Cotton has touched a 10-year high and its prices are advancing daily, both in the International as well as the Indian markets. Abundant liquidity combined with robust demand for goods has created a Bullish Momentum during 2021. But now, fundamental factors are changing and fall from the current price will be sharp and quick, as per the Indian Texpreneurs Federation (ITF).

The factors that would influence the correction in prices include falling demand for fashion goods due to inflationary trend across all markets, and a shift in spending towards services; US and UK retail sales contracted in December and the January Consumer Confidence Survey US fell by nearly 6 per cent to its lowest level since November 2011; and there is resistance from customers towards accepting new prices in the International markets and the same signals are reflecting in the new order confirmations from developed markets, said Prabhu Dhamodharan, convenor, ITF, in a press release.

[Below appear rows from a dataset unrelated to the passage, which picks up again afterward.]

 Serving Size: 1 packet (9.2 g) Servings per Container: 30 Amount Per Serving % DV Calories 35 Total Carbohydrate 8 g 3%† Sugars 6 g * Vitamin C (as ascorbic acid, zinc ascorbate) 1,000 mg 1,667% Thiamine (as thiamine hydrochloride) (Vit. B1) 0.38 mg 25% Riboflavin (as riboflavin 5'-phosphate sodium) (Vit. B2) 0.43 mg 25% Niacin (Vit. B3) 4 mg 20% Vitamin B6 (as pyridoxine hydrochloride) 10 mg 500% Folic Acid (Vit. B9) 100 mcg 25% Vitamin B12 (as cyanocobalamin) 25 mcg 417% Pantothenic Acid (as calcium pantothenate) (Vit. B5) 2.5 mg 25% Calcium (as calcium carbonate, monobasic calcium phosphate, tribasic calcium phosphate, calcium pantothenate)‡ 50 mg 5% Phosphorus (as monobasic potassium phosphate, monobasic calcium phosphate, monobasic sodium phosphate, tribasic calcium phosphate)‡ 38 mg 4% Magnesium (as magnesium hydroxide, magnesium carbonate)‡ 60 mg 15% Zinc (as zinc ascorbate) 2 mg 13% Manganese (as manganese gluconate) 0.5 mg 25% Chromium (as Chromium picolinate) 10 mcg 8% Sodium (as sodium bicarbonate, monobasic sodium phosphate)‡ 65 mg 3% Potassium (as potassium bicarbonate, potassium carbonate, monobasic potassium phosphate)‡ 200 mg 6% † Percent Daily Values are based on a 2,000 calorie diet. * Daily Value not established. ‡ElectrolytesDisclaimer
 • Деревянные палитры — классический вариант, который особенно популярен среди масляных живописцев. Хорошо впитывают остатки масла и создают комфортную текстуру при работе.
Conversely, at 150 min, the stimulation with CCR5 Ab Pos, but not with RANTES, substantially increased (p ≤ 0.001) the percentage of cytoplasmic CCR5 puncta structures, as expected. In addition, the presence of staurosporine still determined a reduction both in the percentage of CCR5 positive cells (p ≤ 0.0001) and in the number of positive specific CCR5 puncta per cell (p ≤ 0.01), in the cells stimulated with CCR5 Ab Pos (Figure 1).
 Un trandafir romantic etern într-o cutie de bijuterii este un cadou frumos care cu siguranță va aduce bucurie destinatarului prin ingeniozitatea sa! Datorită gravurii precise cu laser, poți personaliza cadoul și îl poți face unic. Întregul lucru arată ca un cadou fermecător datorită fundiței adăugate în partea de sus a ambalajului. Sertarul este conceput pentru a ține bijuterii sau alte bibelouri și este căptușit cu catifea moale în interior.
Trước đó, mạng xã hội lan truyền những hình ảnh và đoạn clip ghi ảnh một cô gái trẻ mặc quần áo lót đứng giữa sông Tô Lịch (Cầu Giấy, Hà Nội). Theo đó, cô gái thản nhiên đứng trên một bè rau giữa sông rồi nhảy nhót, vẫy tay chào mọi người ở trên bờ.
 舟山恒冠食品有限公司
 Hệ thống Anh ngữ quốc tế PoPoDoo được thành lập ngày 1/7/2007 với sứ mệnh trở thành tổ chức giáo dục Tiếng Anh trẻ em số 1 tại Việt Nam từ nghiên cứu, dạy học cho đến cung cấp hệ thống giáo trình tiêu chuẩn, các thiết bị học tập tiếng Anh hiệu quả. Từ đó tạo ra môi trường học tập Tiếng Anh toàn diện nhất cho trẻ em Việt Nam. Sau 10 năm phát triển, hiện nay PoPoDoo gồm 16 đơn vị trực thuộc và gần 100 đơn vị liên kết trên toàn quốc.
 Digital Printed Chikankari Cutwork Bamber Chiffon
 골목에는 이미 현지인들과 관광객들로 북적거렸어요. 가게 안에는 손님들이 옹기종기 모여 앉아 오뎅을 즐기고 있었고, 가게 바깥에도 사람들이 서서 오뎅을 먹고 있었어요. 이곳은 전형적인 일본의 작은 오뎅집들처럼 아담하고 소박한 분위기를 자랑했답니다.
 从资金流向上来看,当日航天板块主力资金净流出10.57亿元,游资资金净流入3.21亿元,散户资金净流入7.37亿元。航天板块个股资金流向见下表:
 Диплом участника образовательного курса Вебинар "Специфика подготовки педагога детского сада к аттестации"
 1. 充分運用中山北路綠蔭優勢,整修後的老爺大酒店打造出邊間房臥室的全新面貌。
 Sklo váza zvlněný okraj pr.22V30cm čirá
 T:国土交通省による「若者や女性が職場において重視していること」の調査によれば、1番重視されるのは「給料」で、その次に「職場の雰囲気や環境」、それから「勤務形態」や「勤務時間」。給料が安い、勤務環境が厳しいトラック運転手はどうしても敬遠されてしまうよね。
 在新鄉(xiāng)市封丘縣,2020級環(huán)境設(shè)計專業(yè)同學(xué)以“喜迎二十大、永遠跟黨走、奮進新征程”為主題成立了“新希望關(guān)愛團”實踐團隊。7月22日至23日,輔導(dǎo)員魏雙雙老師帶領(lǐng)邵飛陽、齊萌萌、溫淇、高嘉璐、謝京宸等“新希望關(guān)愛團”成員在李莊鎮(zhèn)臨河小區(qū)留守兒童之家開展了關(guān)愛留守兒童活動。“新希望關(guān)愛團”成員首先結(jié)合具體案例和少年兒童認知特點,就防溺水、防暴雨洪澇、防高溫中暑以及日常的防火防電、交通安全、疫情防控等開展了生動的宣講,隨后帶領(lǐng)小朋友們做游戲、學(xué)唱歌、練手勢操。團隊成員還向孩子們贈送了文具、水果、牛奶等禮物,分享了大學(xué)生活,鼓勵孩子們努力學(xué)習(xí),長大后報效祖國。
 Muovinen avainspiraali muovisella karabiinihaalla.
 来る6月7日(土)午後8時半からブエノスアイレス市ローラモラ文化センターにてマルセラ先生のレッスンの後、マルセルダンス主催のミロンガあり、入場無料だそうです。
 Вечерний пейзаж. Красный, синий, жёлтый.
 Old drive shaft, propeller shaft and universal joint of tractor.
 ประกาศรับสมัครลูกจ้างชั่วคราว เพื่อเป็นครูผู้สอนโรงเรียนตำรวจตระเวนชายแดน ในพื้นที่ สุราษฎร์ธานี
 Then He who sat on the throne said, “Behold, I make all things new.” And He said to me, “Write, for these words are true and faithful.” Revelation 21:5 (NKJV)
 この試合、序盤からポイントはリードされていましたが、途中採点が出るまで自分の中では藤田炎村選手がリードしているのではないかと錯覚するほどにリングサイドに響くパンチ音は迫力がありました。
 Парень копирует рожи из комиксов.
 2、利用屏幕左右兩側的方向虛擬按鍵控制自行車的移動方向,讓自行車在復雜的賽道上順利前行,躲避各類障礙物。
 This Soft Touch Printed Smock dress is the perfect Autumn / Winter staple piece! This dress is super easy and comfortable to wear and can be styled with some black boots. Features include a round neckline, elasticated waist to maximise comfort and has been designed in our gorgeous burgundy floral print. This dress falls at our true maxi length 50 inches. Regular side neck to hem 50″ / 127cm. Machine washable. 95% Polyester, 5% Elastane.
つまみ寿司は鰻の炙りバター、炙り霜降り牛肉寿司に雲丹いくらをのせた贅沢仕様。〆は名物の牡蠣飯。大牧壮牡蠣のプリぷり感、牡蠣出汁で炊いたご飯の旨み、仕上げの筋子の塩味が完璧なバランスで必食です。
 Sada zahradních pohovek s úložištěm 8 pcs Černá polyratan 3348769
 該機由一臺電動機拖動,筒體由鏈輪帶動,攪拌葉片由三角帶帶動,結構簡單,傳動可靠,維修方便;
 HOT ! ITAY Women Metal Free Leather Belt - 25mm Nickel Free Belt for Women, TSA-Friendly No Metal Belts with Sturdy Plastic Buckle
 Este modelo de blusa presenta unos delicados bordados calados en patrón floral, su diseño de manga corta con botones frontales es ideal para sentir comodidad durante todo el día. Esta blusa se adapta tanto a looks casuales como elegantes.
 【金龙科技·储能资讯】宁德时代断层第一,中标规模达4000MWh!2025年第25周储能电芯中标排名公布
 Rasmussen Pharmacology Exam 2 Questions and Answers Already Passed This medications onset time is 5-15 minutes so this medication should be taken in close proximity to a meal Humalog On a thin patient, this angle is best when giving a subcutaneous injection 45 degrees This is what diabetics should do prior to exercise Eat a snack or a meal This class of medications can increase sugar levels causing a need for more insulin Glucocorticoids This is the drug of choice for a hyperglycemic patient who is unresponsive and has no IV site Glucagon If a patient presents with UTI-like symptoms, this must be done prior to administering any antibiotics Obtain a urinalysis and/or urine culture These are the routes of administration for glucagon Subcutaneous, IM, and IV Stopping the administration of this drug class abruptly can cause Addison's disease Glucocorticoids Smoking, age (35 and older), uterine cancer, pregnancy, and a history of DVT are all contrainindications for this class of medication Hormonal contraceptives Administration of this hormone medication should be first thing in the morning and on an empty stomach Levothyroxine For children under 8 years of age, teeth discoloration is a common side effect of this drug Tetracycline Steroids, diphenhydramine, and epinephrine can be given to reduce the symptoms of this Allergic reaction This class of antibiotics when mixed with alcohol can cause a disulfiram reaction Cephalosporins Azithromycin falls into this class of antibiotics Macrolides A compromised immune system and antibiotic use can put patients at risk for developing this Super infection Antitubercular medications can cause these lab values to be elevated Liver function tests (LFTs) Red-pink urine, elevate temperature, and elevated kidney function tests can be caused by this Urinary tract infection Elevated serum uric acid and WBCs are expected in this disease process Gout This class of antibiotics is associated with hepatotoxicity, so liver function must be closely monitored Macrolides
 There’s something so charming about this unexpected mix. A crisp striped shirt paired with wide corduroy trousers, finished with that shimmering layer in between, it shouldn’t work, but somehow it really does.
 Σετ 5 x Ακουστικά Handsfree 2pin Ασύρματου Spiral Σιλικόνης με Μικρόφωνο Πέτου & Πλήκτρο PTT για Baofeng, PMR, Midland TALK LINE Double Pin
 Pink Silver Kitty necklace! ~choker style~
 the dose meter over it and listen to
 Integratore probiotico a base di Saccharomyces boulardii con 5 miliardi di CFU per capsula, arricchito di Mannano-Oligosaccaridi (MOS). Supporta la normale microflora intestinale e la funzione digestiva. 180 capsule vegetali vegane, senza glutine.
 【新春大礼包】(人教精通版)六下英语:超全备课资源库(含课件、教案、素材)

Additionally, cotton is not an essential commodity like edible oils or rice. Its demand purely depends on the spending power of people. With inflation on the rise, the spending power will be put to test and lot of demand destruction is inevitable for cotton going forward. Alternate fibres are also penetrating rapidly using the opportunities rising due to high cost of cotton. This change is being witnessed in many weaving clusters in Tamil Nadu. This will also re-balance the demand equation.

Some of the factors listed by the ITF include resistance from value chain partners even up to the retail side in domestic markets, due to high prices. Inflationary trend is also hitting consumption and retail is opting for alternate fibre products. Signals from developed countries on tightening the liquidity and raising interest rates, will also reduce the speculative interest in cotton, that too at these historically high prices.

The ITF has witnessed a 10-year high price in most of the commodities in 2021 and many of these commodities corrected 15 to 20 per cent from their peak levels. This may happen in cotton also. Moreover, lower demand outlook for fashion goods in exports, shift in fibre base, inflationary trend here in domestic fashion space – all the factors will lead to lower consumption level of cotton.

Expectation of robust cotton plantation across the globe and such initial reports from April will naturally act as a check to speculation; and bring a bearish sentiment to cotton trade.

The recent bull run over the past 45 days is mostly speculative in nature and ITF feels that the current prices are not sustainable.